## Assignment
An exact copy of the entries is required, with every image omitted.

## Provided records

━━━━━━━━━━

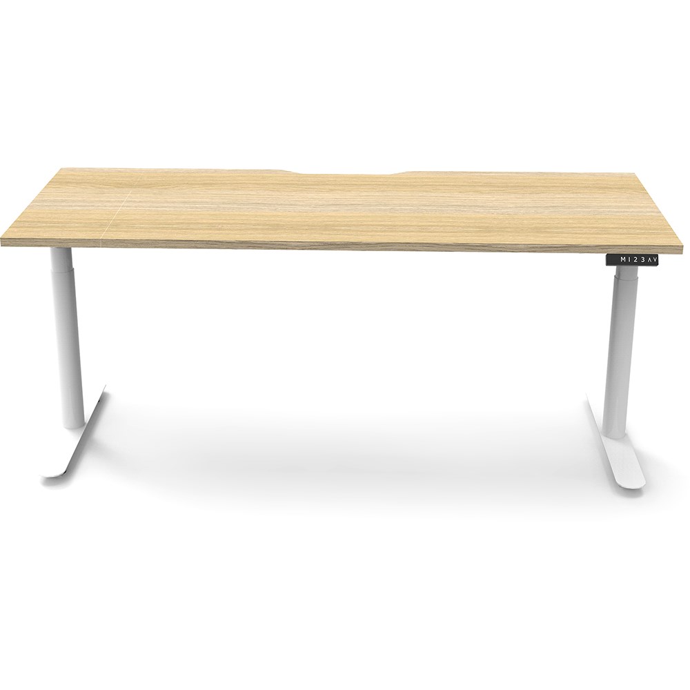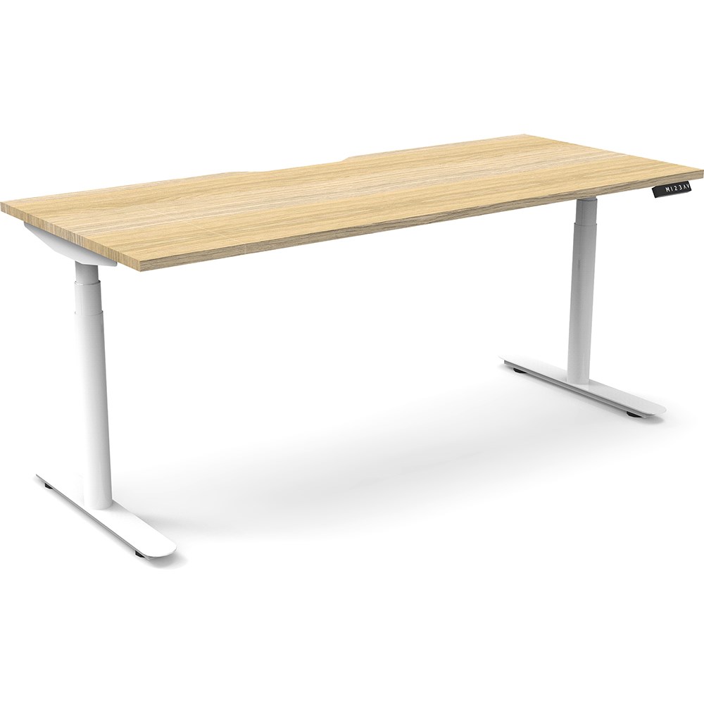 Natural Oak top with White frame. Unit Dimension: 1200mm W x 750mm D x 620-1270mm H. E0 rated top. Powdercoat base. Digital control panel with 3 pre-set positions, LED display panel, keypad safety lock & reminder alarm setting. Anti-collision technology, noise emission of less than 50DB. Lifting capacity of 120kg with a max speed of 38mm per second. 70mm diameter round column legs. 700mm wide foot size with adjustable leveling feet, return foot: 700mm. 10 Year Manufacturer's Warranty. Delivery, installation and assembly charges may apply to furniture. Please enquire to confirm.
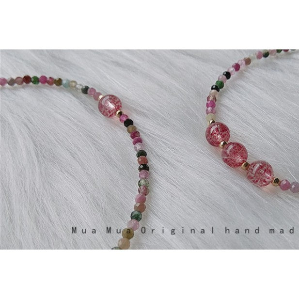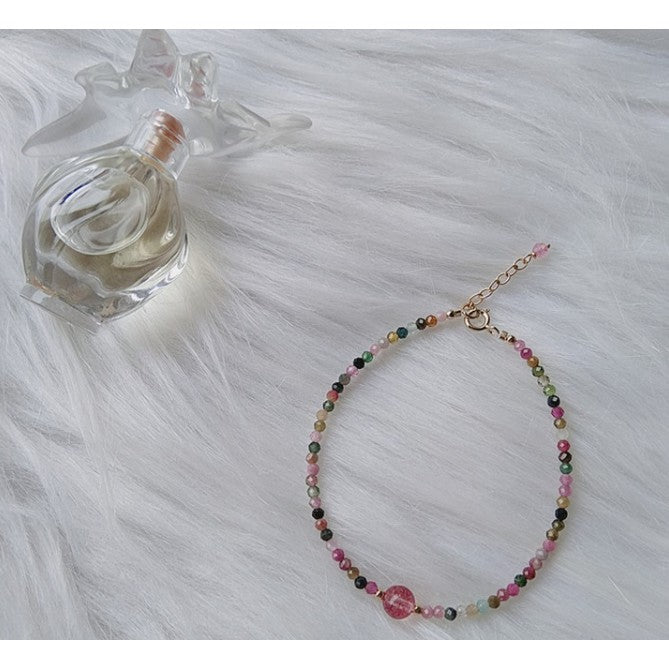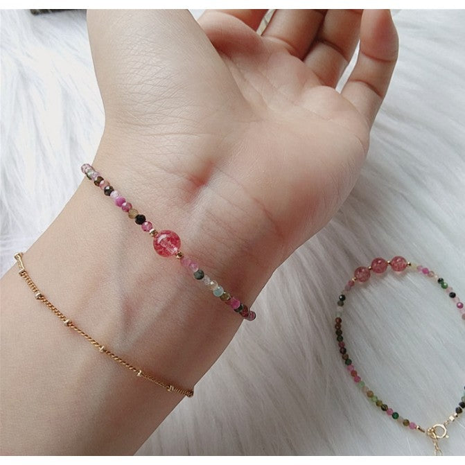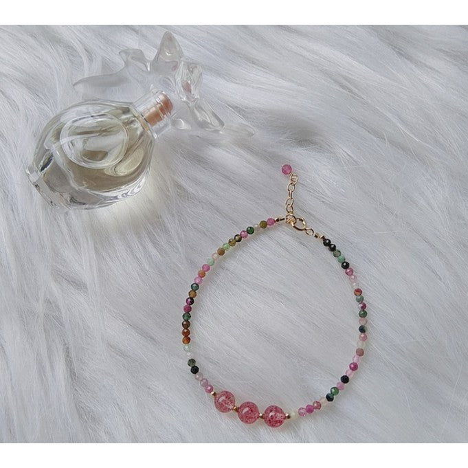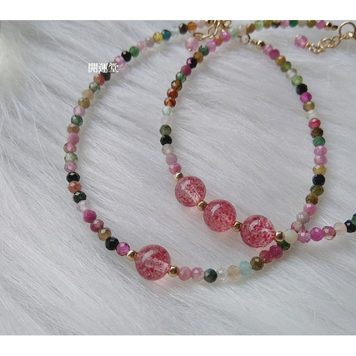 🔥現貨🔥6A極細5.5mm草莓晶招桃花招財2mm糖果碧璽水晶鍍14k包金手鍊女友閨蜜禮物"開運堂"
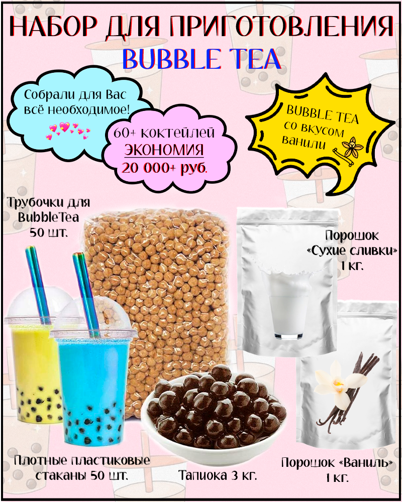 Купить Набор для приготовления Bubble Tea баблти с тапиокой (ваниль)
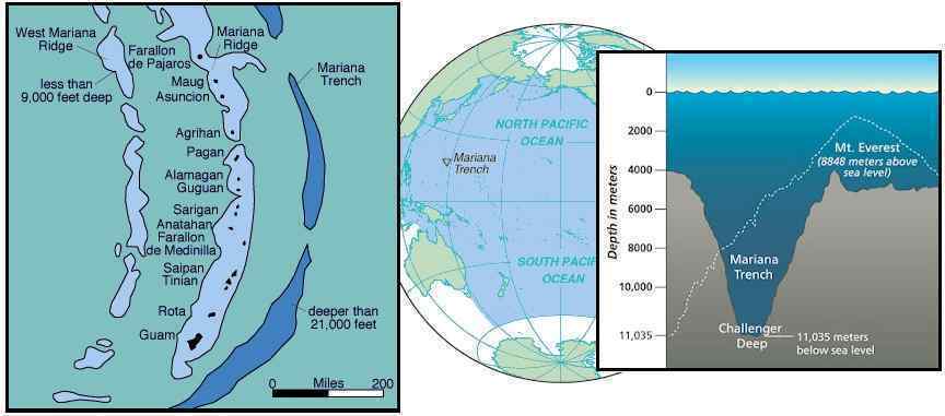 Голливудский режиссер Джеймс Кэмерон погрузился на глубину почти 11 км (семь миль) - в самое глубокое место мирового океана - в Марианскую впадину, расположенную на западе Тихого океана. [и от другого] http://www.physorg.com/news/2012-03-seismic-survey-mariana-trench-earth.html Впадина находится в зоне субдукции, где древняя, застывшая и плотная Тихоокеанская плита проскальзывает под более молодую, более легкую, расположенную сверху Марианскую плиту. В толще воды на глубине четыре мили, где дно еще находится так далеко внизу, что сейсмометры могут взорваться, когда будут погружены туда, могут быть использованы привязанные гидрофоны. В Марианскую впадину входит углубление в форме ванны, называемое Challenger Deep (Бездна Челленджера), в которую планирует погрузиться в специально построенном одноместном батискафе с названием «Deep Challenger» режиссер «Аватара» Джеймс Кэмерон. Впадина была образована при субдукции некоторой части старейшей в мире океанической коры, которая погружается под Марианскую плиту местами так круто, что уходит почти прямо вниз. [и от другого] В начале февраля, во время работы над проектом Кэмерона по погружению в Марианскую впадину погибли два давних близких сотрудника Кэмерона, когда их вертолет воспламенился вскоре после взлета. Был ли это просто несчастный случай, или это некое сообщение, посланное авторитетному человеку Кэмерону с огромным общественным влиянием, который недавно приобрел недвижимость в Новой Зеландии и в настоящее время собирается взглянуть для удовлетворения собственного интереса на дно океана? Не высказывался ли он своевольно против сокрытия, не получал ли каких-то угроз? [и от другого] http://newswatch.nationalgeographic.com/2012/02/05/celebrated-filmmakers-killed-in-australian-helicopter-crash/ [5 февраля 2012 г.] В субботу в результате крушения вертолета в Австралии погибли два всемирно известных режиссера. Биолог и эколог Майкл Де Грей и пилот, исследователь подводных пещер, работавший над документальным фильмом с Джеймсом Кэмероном и каналом «National Geographic» режиссер Эндрю Уайт. Вертолет с Эндрю Уайтом и Майклом Де Греем разбился вскоре после взлета. Уайт был владельцем и пилотом вертолета Robinson R-44. Оба мужчины были всемирно известными документалистами, специалистами в области исследования и охраны океанов.
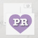 This postcard features a lavender heart containing the bold, white, upper-case letters PR, the official abbreviation for Puerto Rico, the isle of enchantment. The reverse side of the postcard is blank, awaiting your handwritten sentiments or personalized text. Choose font style, size, and color.
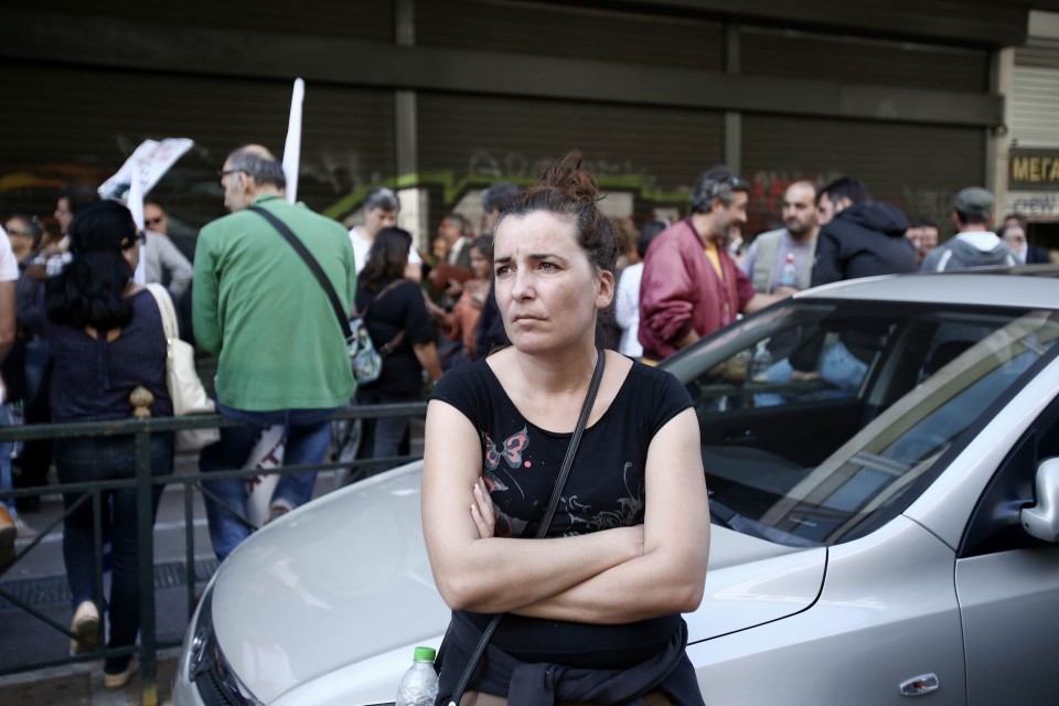 Γυναίκα αστυνομικός της ασφάλειας της Βουλής προσπαθεί να εμποδίσει άλλη γυναίκα, που από τα θεωρεία απευθύνεται στον πρωθυπουργό κρατώντας μλπούζα με το σύνθημα ¨Ταπεινώσατε την Δημοκρατία" . Συζήτηση και ψήφιση στην ολομέλεια της Βουλής, του πολυνομοσχεδίου του υπουργείου Οικονομικών με τα προαπαιτούμενα μέτρα. Αθήνα, Παρασκευή 16 Οκτωβρίου 2015.
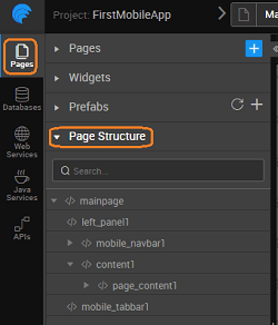 A typical page layout with mobile navbar, tabbar and content have the following structure, as can be seen from the Files tab on the Files and Services panel on the left:
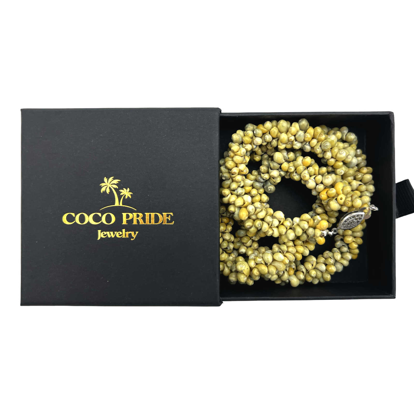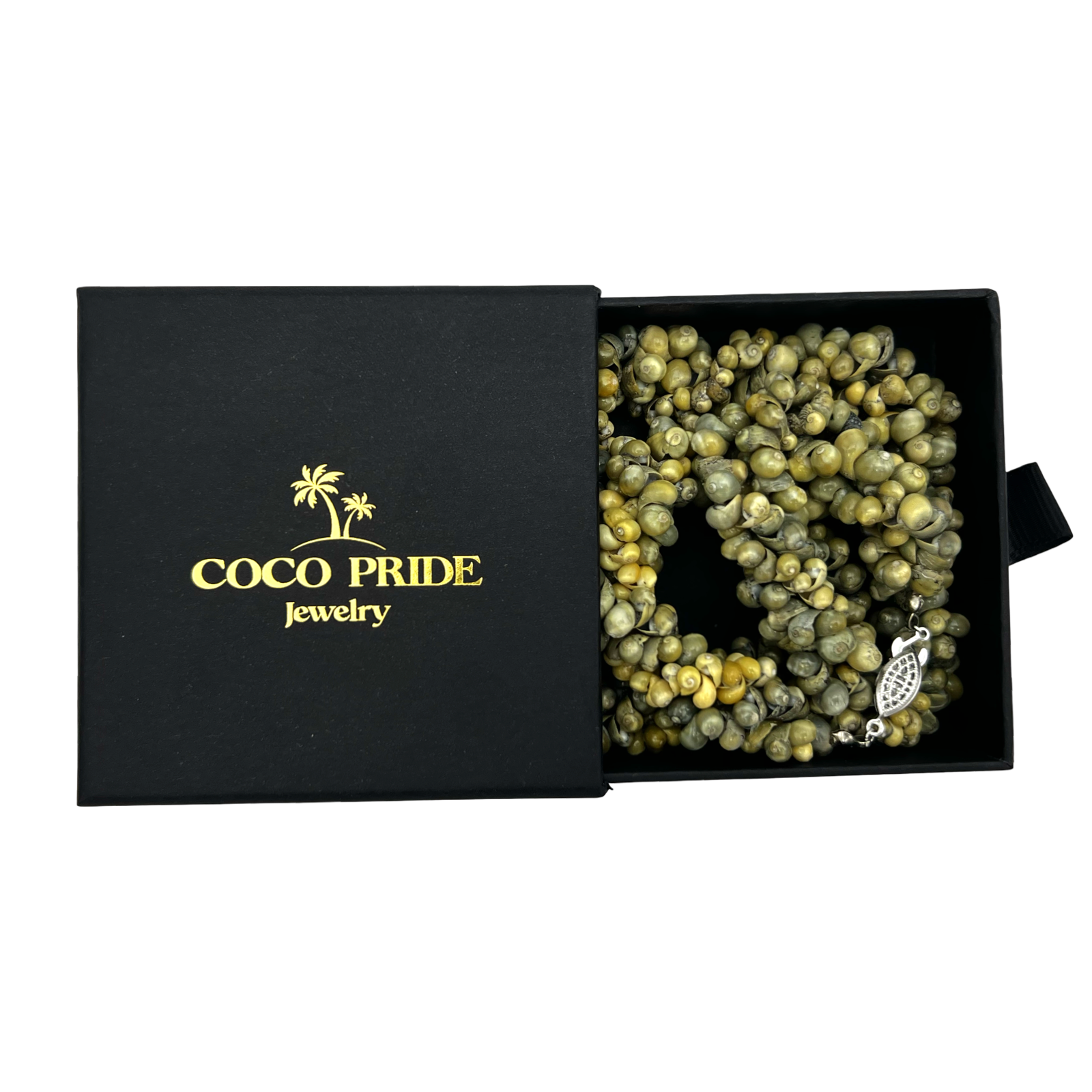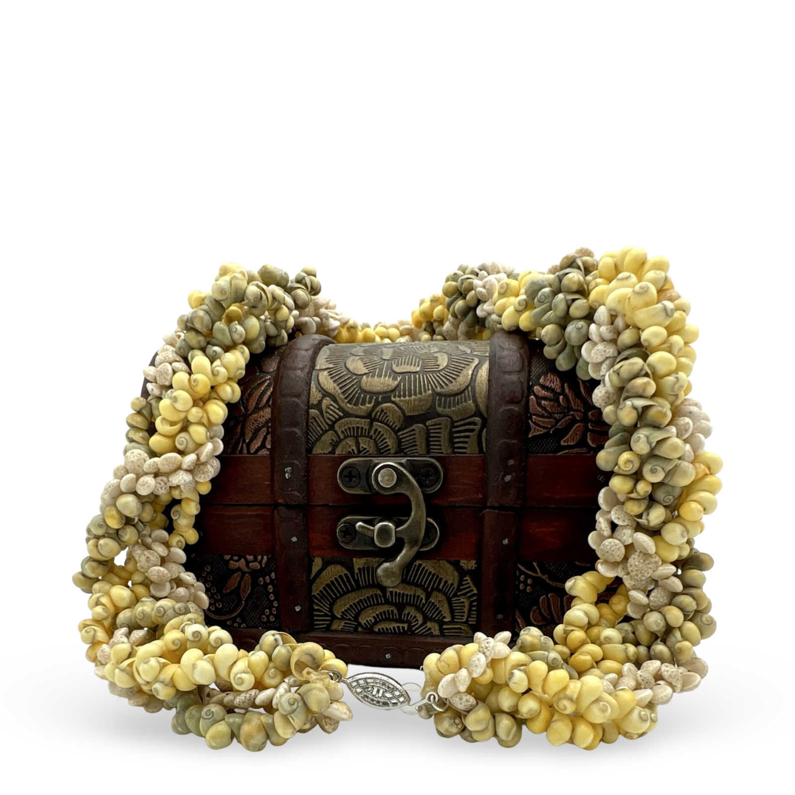 The Island Vibes Necklace embodies the raw beauty of Coco Island’s natural shores — where sun, sea, and stone meet. Each strand is hand-strung with real shells in soft gray, green, cream, and golden tones.

━━━━━━━━━━

## Expected output
 Natural Oak top with White frame. Unit Dimension: 1200mm W x 750mm D x 620-1270mm H. E0 rated top. Powdercoat base. Digital control panel with 3 pre-set positions, LED display panel, keypad safety lock & reminder alarm setting. Anti-collision technology, noise emission of less than 50DB. Lifting capacity of 120kg with a max speed of 38mm per second. 70mm diameter round column legs. 700mm wide foot size with adjustable leveling feet, return foot: 700mm. 10 Year Manufacturer's Warranty. Delivery, installation and assembly charges may apply to furniture. Please enquire to confirm.
 🔥現貨🔥6A極細5.5mm草莓晶招桃花招財2mm糖果碧璽水晶鍍14k包金手鍊女友閨蜜禮物"開運堂"
 Купить Набор для приготовления Bubble Tea баблти с тапиокой (ваниль)
 Голливудский режиссер Джеймс Кэмерон погрузился на глубину почти 11 км (семь миль) - в самое глубокое место мирового океана - в Марианскую впадину, расположенную на западе Тихого океана. [и от другого] http://www.physorg.com/news/2012-03-seismic-survey-mariana-trench-earth.html Впадина находится в зоне субдукции, где древняя, застывшая и плотная Тихоокеанская плита проскальзывает под более молодую, более легкую, расположенную сверху Марианскую плиту. В толще воды на глубине четыре мили, где дно еще находится так далеко внизу, что сейсмометры могут взорваться, когда будут погружены туда, могут быть использованы привязанные гидрофоны. В Марианскую впадину входит углубление в форме ванны, называемое Challenger Deep (Бездна Челленджера), в которую планирует погрузиться в специально построенном одноместном батискафе с названием «Deep Challenger» режиссер «Аватара» Джеймс Кэмерон. Впадина была образована при субдукции некоторой части старейшей в мире океанической коры, которая погружается под Марианскую плиту местами так круто, что уходит почти прямо вниз. [и от другого] В начале февраля, во время работы над проектом Кэмерона по погружению в Марианскую впадину погибли два давних близких сотрудника Кэмерона, когда их вертолет воспламенился вскоре после взлета. Был ли это просто несчастный случай, или это некое сообщение, посланное авторитетному человеку Кэмерону с огромным общественным влиянием, который недавно приобрел недвижимость в Новой Зеландии и в настоящее время собирается взглянуть для удовлетворения собственного интереса на дно океана? Не высказывался ли он своевольно против сокрытия, не получал ли каких-то угроз? [и от другого] http://newswatch.nationalgeographic.com/2012/02/05/celebrated-filmmakers-killed-in-australian-helicopter-crash/ [5 февраля 2012 г.] В субботу в результате крушения вертолета в Австралии погибли два всемирно известных режиссера. Биолог и эколог Майкл Де Грей и пилот, исследователь подводных пещер, работавший над документальным фильмом с Джеймсом Кэмероном и каналом «National Geographic» режиссер Эндрю Уайт. Вертолет с Эндрю Уайтом и Майклом Де Греем разбился вскоре после взлета. Уайт был владельцем и пилотом вертолета Robinson R-44. Оба мужчины были всемирно известными документалистами, специалистами в области исследования и охраны океанов.
 This postcard features a lavender heart containing the bold, white, upper-case letters PR, the official abbreviation for Puerto Rico, the isle of enchantment. The reverse side of the postcard is blank, awaiting your handwritten sentiments or personalized text. Choose font style, size, and color.
 Γυναίκα αστυνομικός της ασφάλειας της Βουλής προσπαθεί να εμποδίσει άλλη γυναίκα, που από τα θεωρεία απευθύνεται στον πρωθυπουργό κρατώντας μλπούζα με το σύνθημα ¨Ταπεινώσατε την Δημοκρατία" . Συζήτηση και ψήφιση στην ολομέλεια της Βουλής, του πολυνομοσχεδίου του υπουργείου Οικονομικών με τα προαπαιτούμενα μέτρα. Αθήνα, Παρασκευή 16 Οκτωβρίου 2015.
 A typical page layout with mobile navbar, tabbar and content have the following structure, as can be seen from the Files tab on the Files and Services panel on the left:
 The Island Vibes Necklace embodies the raw beauty of Coco Island’s natural shores — where sun, sea, and stone meet. Each strand is hand-strung with real shells in soft gray, green, cream, and golden tones.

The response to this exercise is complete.